Fosun started acquiring its stake in Millennium BCP in November 2016 with an initial 175 million euro investment for 16.7% of the company as recession-hit Portuguese assets traded at distressed multiples. Steady growth fundamentals and Portugal’s role as Europe’s gateway to Africa deepened Fosun’s conviction towards its investments in the country. Its current asset sell-downs suggest a redeployment – rather than retreat — from the country.

Improving liquidity

Fosun’s recent asset sales and other deleveraging efforts have allowed the conglomerate to gradually recover from a debt crisis three years ago. In its latest midyear report, its main listed vehicle, Fosun International, reported total debt of 222.1 billion yuan ($31 billion) at the end of June, up slightly from 214.1 billion yuan at the end of last year. Concurrently, the company’s total debt to total capital ratio edged up to 53% from 52% at the end of 2024. But the company also held 67.8 billion yuan in cash and bank balances midway through this year, complemented by untapped bank credit facilities worth 139.4 billion yuan, giving it ample liquidity.

Fosun’s 2022 debt crisis stemmed from years of aggressive expansion, including a major global acquisition spree, that rapidly drove up its liabilities. At the same time, disruptions during the pandemic severely hit the company’s cash flow. By September 2022, S&P Global Ratings had downgraded Fosun from BB to BB-, causing its offshore U.S. dollar bonds to tumble in value. The company was further rocked when Moody’s withdrew its rating for Fosun in April 2023, citing insufficient information.
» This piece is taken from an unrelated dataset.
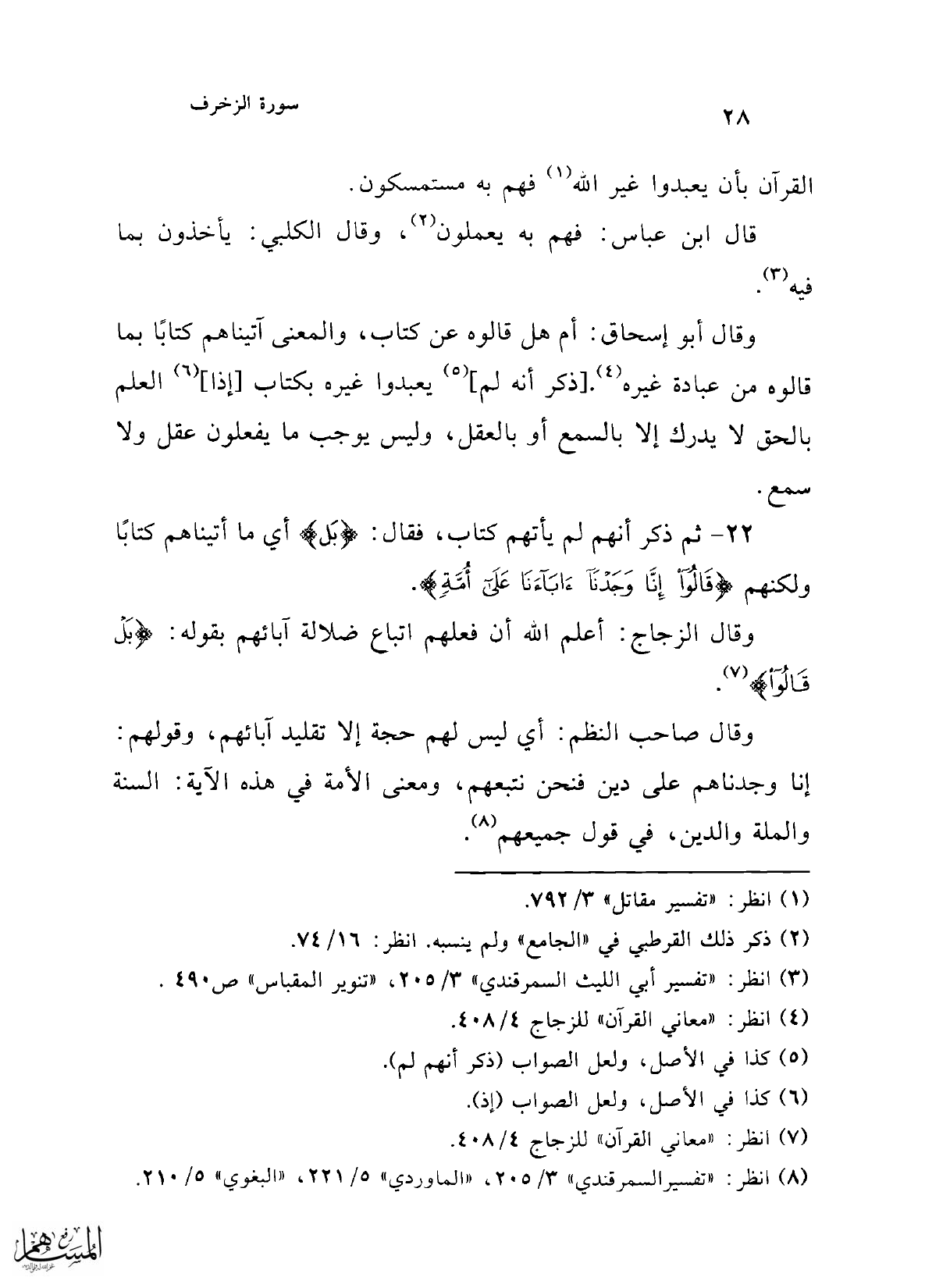 22 - ثم ذكر أنهم لم يأتهم كتاب، فقال: {بَلْ} أي ما أتيناهم كتابًا ولكنهم {قَالُوا إِنَّا وَجَدْنَا آبَاءَنَا عَلَى أُمَّةٍ}.

Despite those difficulties, the value of Fosun’s assets consistently exceeded its liabilities. The company embarked on an aggressive deleveraging starting midway through 2022 by methodically offloading assets. Such sales included stakes in state-owned enterprises like Tsingtao Brewery and New China Life Insurance, along with significant overseas holdings, to improve the company’s funding access. The strategy succeeded in stabilizing Fosun’s finances and engineering a recovery from the crisis.
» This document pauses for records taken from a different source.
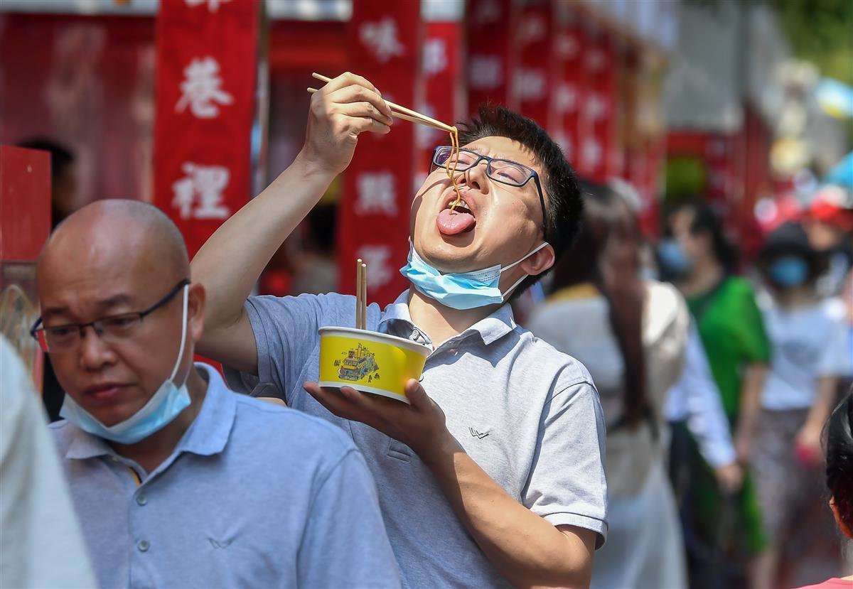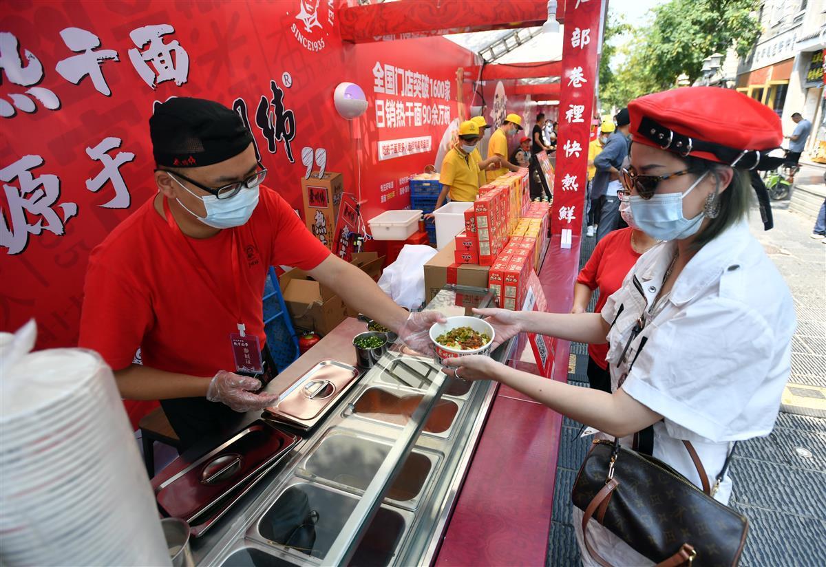 9月17日,武汉户部巷面香四溢,为期1个月的“理想之城 欢乐五畅”之武昌金秋消费季暨户部巷热干面节在户部巷大舞台正式启幕,游客从四面八方赶来,品尝武汉热干面。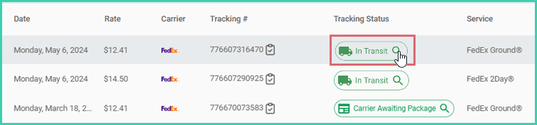 Tracking numbers and current tracking statuses can be viewed in the Orders Grid and in the Dock, allowing you to view the tracking status history or copy the tracking number for any shipment. Learn how to add columns to the Orders Grid or Shipments Grid in the Dock.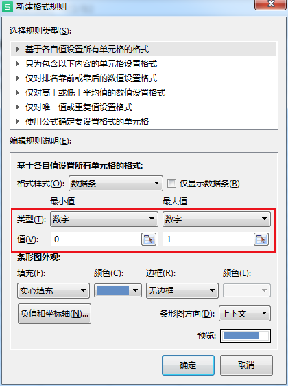 在规则设置中,将类型更改为数字,最小值输入0,最大值输入1,点击确定。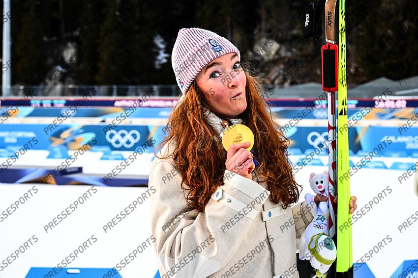 jeanmonnot (lou) - (fra) - BIATHLON JO MILAN CORTINA 2026 2026 RELAIS 4X6 KM MIXTE BIATHLON ARENA ANTHOLZ ANTERSELVA ITALIE 08/02/2026 GARNIER ETIENNE photo retouchee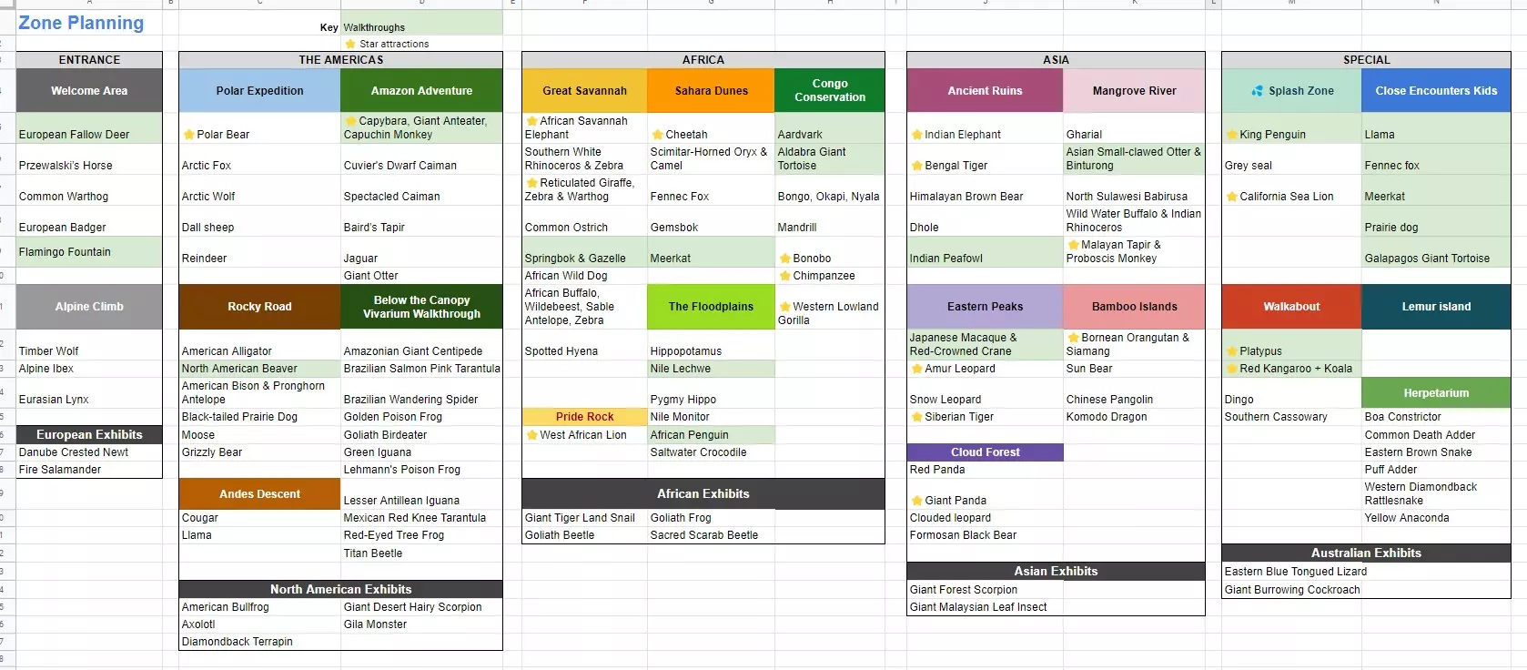 我用这个电子表格来规划布局,所以保留了包含区域规划的额外工作表。其中包括每个栖息地容纳理想数量动物所需的栖息地大小。

Return to the U.S. dollar bond market

As it pulled back from the brink, the company returned to the U.S. dollar bond market after a more than three-year hiatus with its issue of $300 million worth of 3.5-year senior unsecured notes in November 2024. S&P viewed the deal positively, citing tangible progress on improving the company’s funding flexibility. It affirmed Fosun’s BB- corporate credit rating with a “stable” outlook. In early September this year, Fosun subsequently issued another $400 million in notes carrying a 6.8% coupon rate.

While the worst of Fosun’s debt crisis has passed, its Hong Kong-listed shares remain depressed at around HK$5.60 – just half of where they traded before the turmoil. Analysts at Citi, which rates Fosun International a “buy,” noted proceeds from the latest divestments could support higher shareholder payouts. It said the stock currently trades at about a 70% discount to the company’s net asset value, implying the potential for considerable upside, prompting it to raise its target price to HK$6.50.